Precious International School of Davao
- Former names: Davao Precious Child Academy
- Motto: Precious in the eyes of God
- Type: Private International School
- Established: June 1999
- Affiliations: Davao Association of Private Schools and Administrators
- Principal: Perla Pichon Kwan
- Location: Santos Cuyugan Rd, Talomo, Davao City, Davao del Sur, 8000, Philippines
- Language: English, Filipino
- Website: pisdavao.com

= Precious International School of Davao =

Private school in Davao City, Philippines

Precious International School of Davao (PISD) is a private academic institution in Matina, Davao City, Philippines.

== History ==
Founded by Perla Pichon Kwan in June 1999 as the Davao Precious Child Academy, the school began with three faculty members, one secretary and 46 enrolees.

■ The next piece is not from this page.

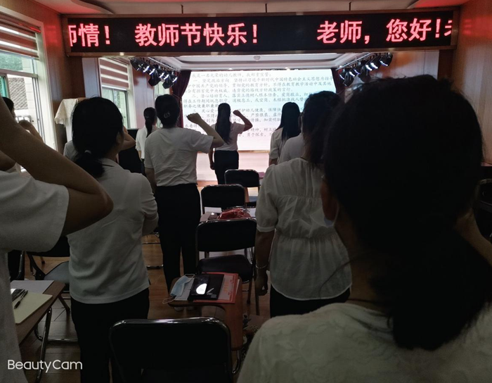 一份承諾,一份責(zé)任;一份宣誓,一份使命。全體教職工在《師德師風(fēng)承諾書》《拒絕有償家教承諾書》上鄭重簽署了自己的名字,教師們舉起右手,握拳在肩莊嚴(yán)宣誓?,F(xiàn)場鏗鏘有力的誓言,莊嚴(yán)隆重的氣氛感染著每一位教師,高度的責(zé)任感、使命感、榮譽(yù)感油然而生。

By the 2015–2016 school year, enrolment had increased to 2000.

In 2005, the school was named "The Most Effective Private Elementary School" in Region XI by the Philippines' Department of Education. The following year, a high school campus was completed and in 2015 a preschool campus was opened.

In 2017, a senior high school opened. The school offers three tracks; the Science, Technology, Engineering and Mathematics (STEM) track; Accountancy, Business, and Management (ABM) track; and the Humanities and Social Sciences (HUMSS) track. The school is affiliated with the Davao Association of Private Schools and Administrators.